A small moan of pleasure escaped her and Declan shuddered with an unfulfilled need of his own.
He hadn’t been with a woman since Margaret and it had been far too long.
Now he wanted Paulette more than he wanted anything in his life. It was madness. Where had she even come from? He barely knew her. He hadn’t come to London to become involved with an innocent like Paulette Hamilton. A girl like her expected marriage and he was through with marriage. He wasn’t any good at it.
Warring between the urgent need within him and the consequences that slaking his need would warrant, Declan growled low in his throat and tried to pull away.
Paulette clung to him, unwilling to let him go, making his decision even more of a struggle of wills. It would be so easy to give in to her. . . . But if he didn’t stop now, they would go too far. And then there would be no turning back. As much as he wanted her, wanted to feel her naked body beneath him, Declan could not do it.
“Paulette.” Her name was a ragged whisper. He kissed her cheek.
“Declan, please, stop,” she whimpered, on the verge of tears. “Please. I can’t take any more. We must stop. I can’t . . . I can’t even breathe.”
That did it. With great reluctance, he released her. “I’m sorry, lass, I’m sorry,” he murmured. He eased himself off of her, taking deep breaths to regain control of his body. Of his raging emotions.
Declan helped her to sit up. God but she looked tempting, her dress half undone, her eyes heavy with desire, and her long golden-blond hair spilling around her shoulders.
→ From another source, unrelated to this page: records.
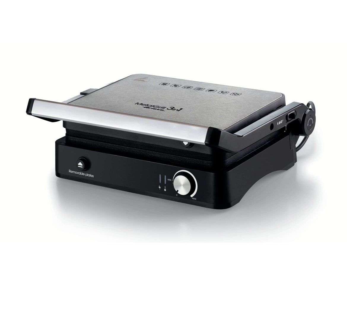 MetalGrill 3in1 è molto versatile: con l’apertura a libro a 180°, ottieni una superficie ampia per cuocere e riscaldare grandi quantità di cibo
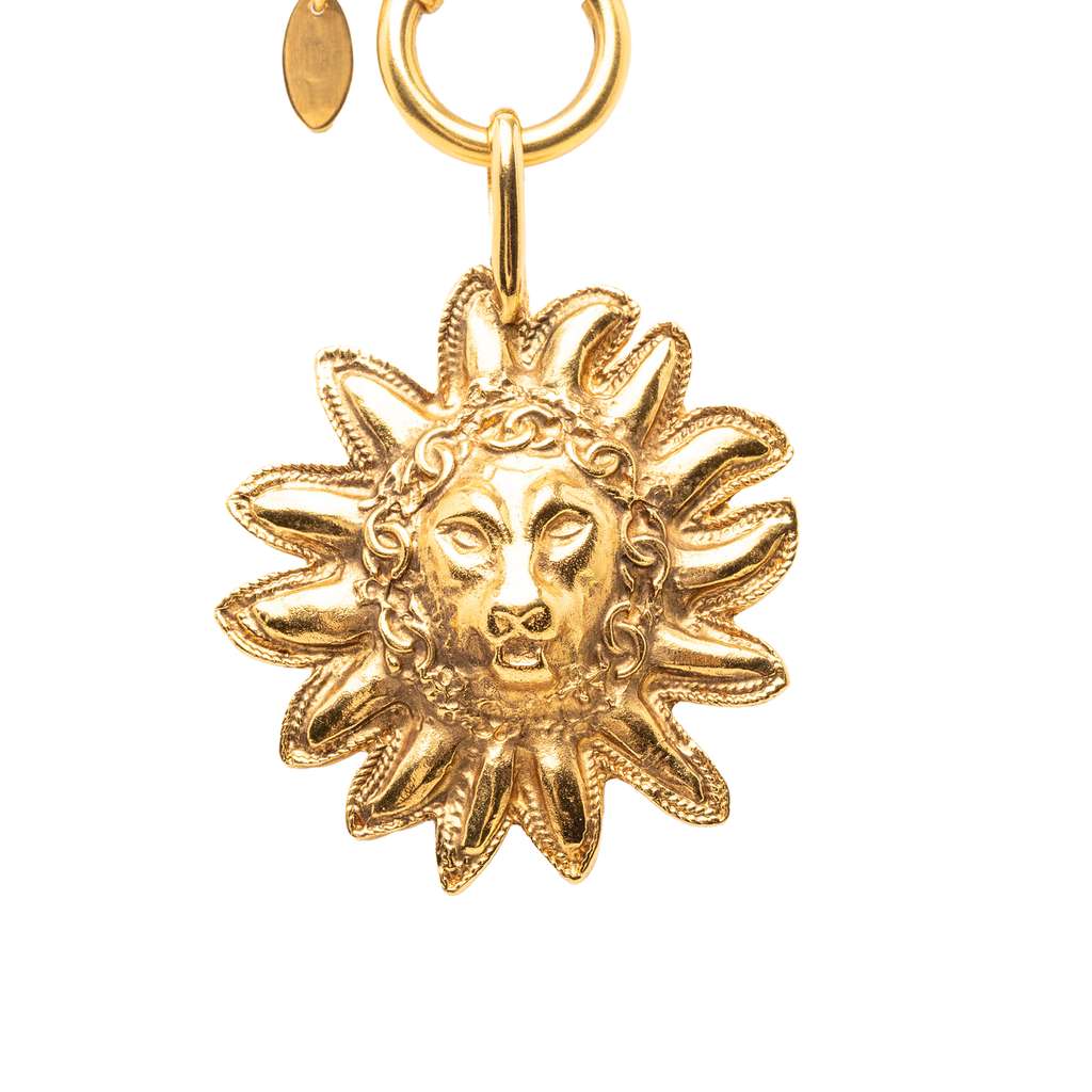 Chanel Gold Plated Leo Lion Sun Medallion Necklace Gold Meta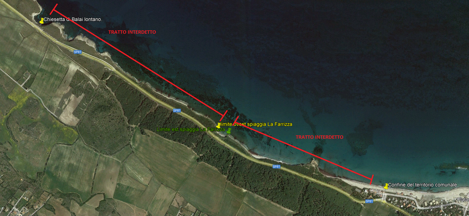 Nella nuova ordinanza si specifica così che è vietata la balneazione l'accesso e lo stazionamento, per persone e mezzi, lungo la fascia costiera tra la chiesetta di Balai Lontano e la spiaggia di Abbacurrente, a esclusione della spiaggia della Farritza che è rimasta fuori dai divieti. Il provvedimento sarà in vigore "fino a quando non saranno ripristinate le condizioni di sicurezza". Nel documento viene ricordato che in caso di inadempienza verrà applicata una sanzione amministrativa pecuniaria da 25,00 a 500,00 euro. Nell'area sono stati ricollocati i cartelli che riportano i contenuti dell'ordinanza e ripristinate le recinzioni danneggiate.

If not for the sheer panic on her face, he would have lowered her back down on the sofa and finished what he’d started.
“Forgive me, Paulette.”
“I just need a minute”—her hands fluttered to her heated cheeks—“to catch my breath.”
Declan did, too. What the hell was he thinking? He should never have been alone with her in the house, should not have kissed her, should not have touched her—
“I promise that next time I won’t be such a little fool about it,” she said, closing her eyes and breathing in.
“Excuse me?” He stared at her. Next time?
She opened her blue eyes and looked at him. “The next time we do this, I promise I won’t ask you to stop.”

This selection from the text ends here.